Earlier this week, the results of a challenge posted by author Maureen Johnson hit The Huffington Post, and I had a grand old time looking through the results, which you can find here.  Basically, flip the covers of books so that the “girly” no longer look girly, and vice versa. 

My personal favorite was Lord of the Flies, but all of these are truly well done, and I hope there’s work in the artists’ futures.  However, this coverflip is just one tiny aspect of areas that are just straight up ridiculous for female authors and books about women and women who read books.  You know I’m gonna break this down so get ready.

Women authors
The number of women who have used pseudonyms or their initials is absurdly long, and this is not some issue that’s no longer a problem.  Rowling did it. Yep, it’s easy to forget because no one really cares too much now that she’s so successful, but she did that on purpose to hopefully sell more books.  It’s not like this is some 1800s throwback issue or even a Andre Norton-era issue.  This still happens.  N.K. Jemisin?  Sci-fi/fantasy/speculative fiction author who goes by initials instead of Nora because this still happens.  She’s also a woman of color, and has problems because of that (like her books being placed in the African-American section), but that needs its own post.  Women authors are scared that their own names will frighten away potential readers regardless of content. 

Not only is this a problem when women try to publish under their own names like they need to be ashamed of them, but they’ll get shredded for “not getting it” if they try to write about men.  Men writing about women is just always going to be a little awkward and is apparently forgivable, but women writing about men emasculates the men somehow.  George R.R. Martin, bless his heart and his books and may he finish them quickly, is under the impression that women notice their own breasts and the cloth that covers them when they walk.  NOPE.  Writing for a sex or gender of which you are not a member is always challenging, but it is not okay that the problems associated with it are ignored for male authors while female authors are destroyed for it.  Or, reviewers claim they emasculate men if they say anything critical (like Margaret Atwood apparently did to Jimmy in Oryx and Crake).  

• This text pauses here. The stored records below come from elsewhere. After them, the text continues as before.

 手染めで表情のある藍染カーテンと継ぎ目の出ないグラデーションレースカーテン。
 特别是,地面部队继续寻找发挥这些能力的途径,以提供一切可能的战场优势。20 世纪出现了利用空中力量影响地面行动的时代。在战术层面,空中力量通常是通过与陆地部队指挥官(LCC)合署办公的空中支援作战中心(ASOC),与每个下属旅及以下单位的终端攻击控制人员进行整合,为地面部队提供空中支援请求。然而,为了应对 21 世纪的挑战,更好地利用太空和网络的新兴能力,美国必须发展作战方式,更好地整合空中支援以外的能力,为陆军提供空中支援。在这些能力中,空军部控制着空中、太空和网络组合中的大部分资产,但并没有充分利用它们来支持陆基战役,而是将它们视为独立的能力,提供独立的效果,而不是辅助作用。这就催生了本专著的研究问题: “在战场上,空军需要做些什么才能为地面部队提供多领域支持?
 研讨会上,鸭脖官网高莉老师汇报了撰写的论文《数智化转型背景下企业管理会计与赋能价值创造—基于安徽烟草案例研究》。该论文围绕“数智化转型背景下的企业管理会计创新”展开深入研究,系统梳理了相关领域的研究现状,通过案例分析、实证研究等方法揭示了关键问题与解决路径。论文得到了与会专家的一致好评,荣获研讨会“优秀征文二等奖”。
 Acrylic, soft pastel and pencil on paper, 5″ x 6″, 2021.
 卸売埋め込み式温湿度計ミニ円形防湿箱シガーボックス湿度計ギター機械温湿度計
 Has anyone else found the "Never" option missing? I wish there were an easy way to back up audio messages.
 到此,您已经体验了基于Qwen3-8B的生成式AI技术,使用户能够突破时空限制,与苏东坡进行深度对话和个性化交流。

And then, of course, the covers.  Book covers are frequently sexist, racist, and just all around horrible.  Let’s not even talk about the ones that are “now a major motion picture.”  I’m still recovering from seeing Ella Enchanted get that treatment.

Books about women
“Books about women” end up in their own category, with “chick-lit” as its own little terrible subset.  Men and women read books about men, and women read books about women.  Please let me reiterate: books about women are not given their own space because women have struggles inherent to their sex.  They are separated because it is assumed that men won’t read them. 

What sells is brotime and ladytime: bros get fighting and angst, women get “drama” and “feelings.”  Even if those plots are exactly the same, wars are male and drama is female.    

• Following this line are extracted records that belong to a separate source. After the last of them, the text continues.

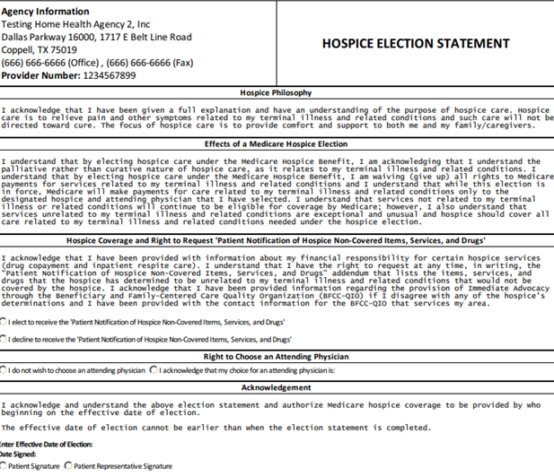Axxess Hospice now enables users to print unsigned PDF copies of hospice election statements. The effective date of election will display on each printed election statement.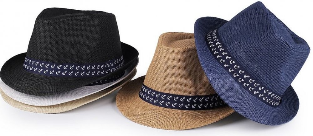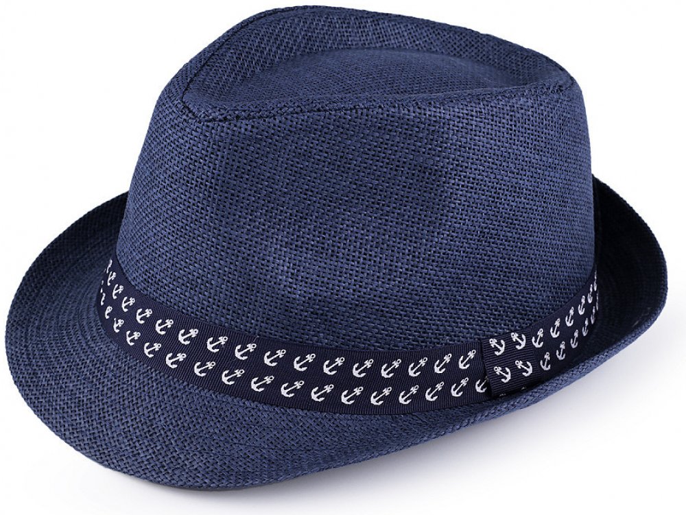 Letní dětský klobouk zdobí stuha s potiskem kotviček. V teplých dnech klobouk skvěle ochrání před sluncem, je velmi lehký a prodyšný. Je velice oblíbený, děti rádi vypadají jako dospěláci, což jim klobouk typu Fedora umožní.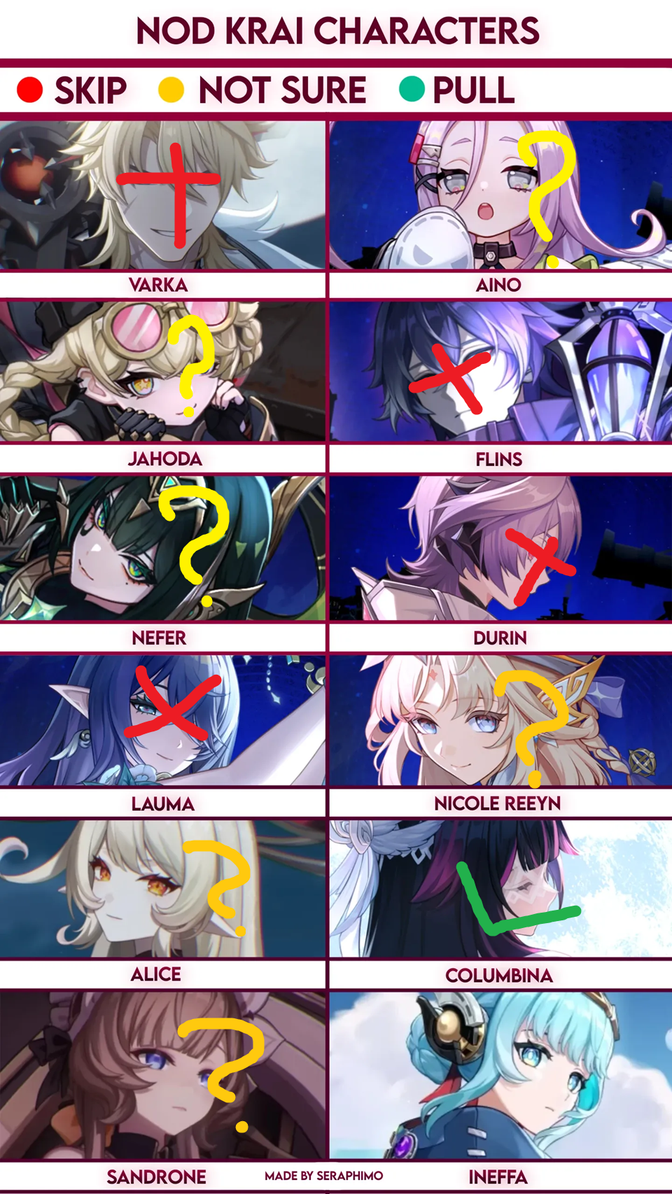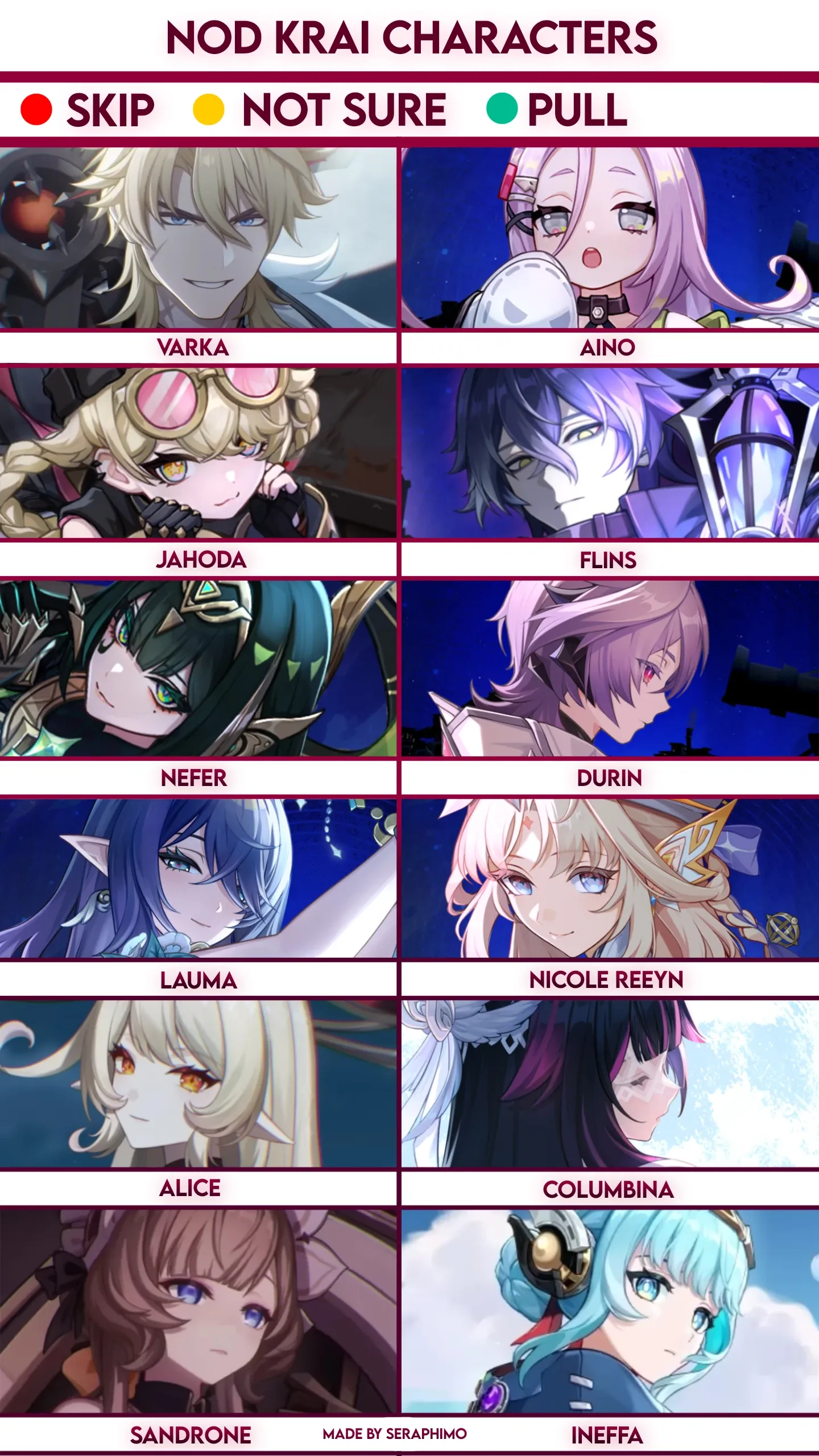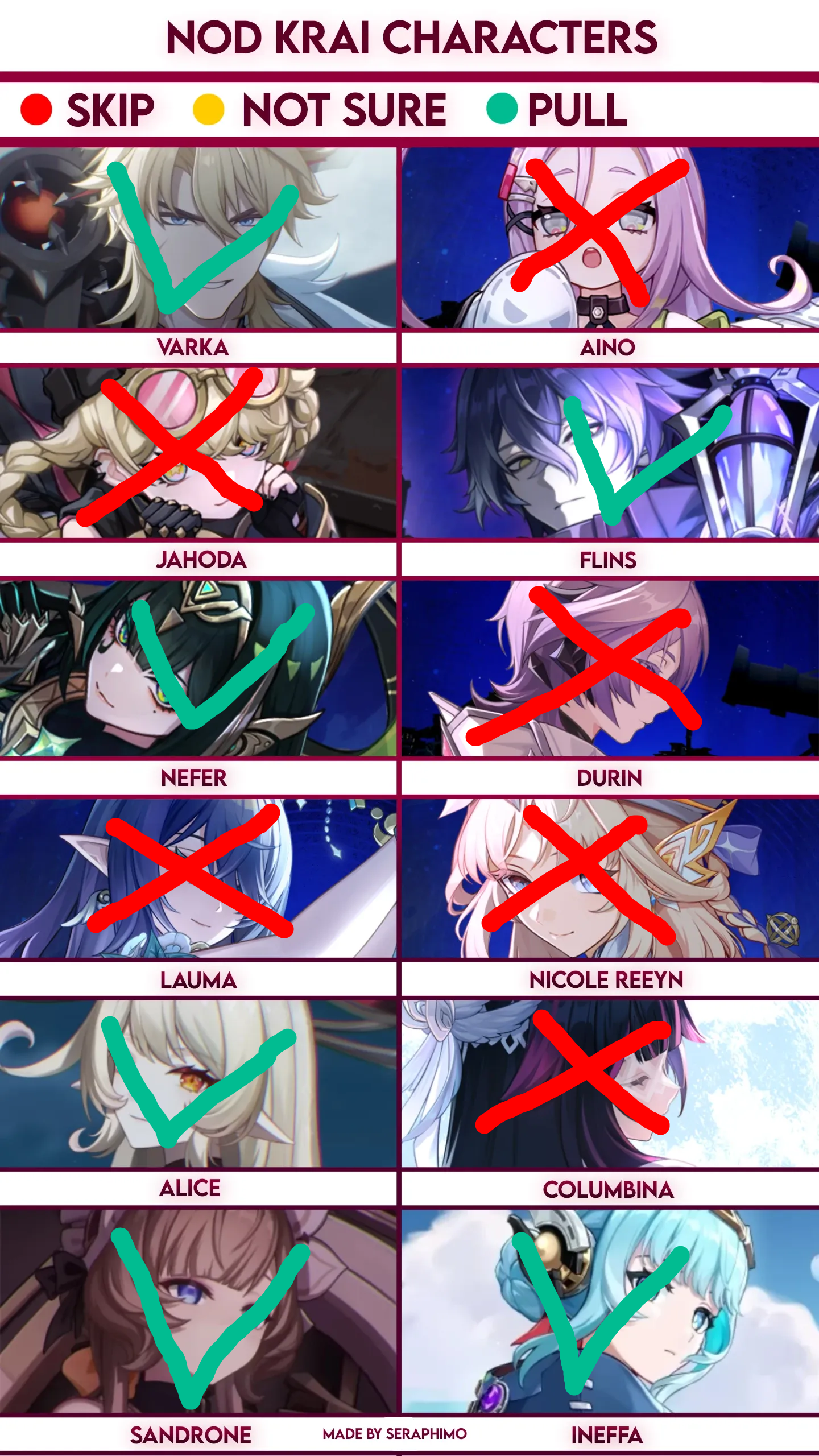 1. Мондштадт - Джинн или Эола 2. ЛиЮэ - КэЦин или Елань 3. Инадзума - Эи или Аяка 4. Сумеру - Нилу или Дэхья 5. Фонтейн - Клоринда или Навия 6. Натлан - Часка или Ситлали 7. Вжушккрай - Коломбина или Алиса

Personally, I’ve lied by omission when trying to get people to read The Hunger Games; I just conveniently leave out that it’s a female author and female narrator and let the person just buy the book and deal with it.  (Interestingly, the covers on those three books are decidedly not girly.)   

One of my best moments in college (who am I kidding, this was one of my best moments EVER) was when some truly excellent people brought Tamora Pierce to my campus.  This was an author who truly helped shape my childhood with her amazingly detailed, kick-ass fantasy novels, and she’s been writing since before I was born.  She read an excerpt from her then-unpublished next book, signed basically whatever you wanted her to sign, did a big ol’ question and answer panel, and was just generally amazing.

Her books’ main characters, 95 percent of the time, are female.  The audience was 90 percent female.  A friend of mine there mentioned she had a male friend who did not attend because he was scared of it being all girls.  This is a powerful, fascinating woman with complex, realistic characters in a world that rivals Middle Earth and Westeros in levels of detail, and she gets brushed off because she writes books for teenage girls so she doesn’t matter.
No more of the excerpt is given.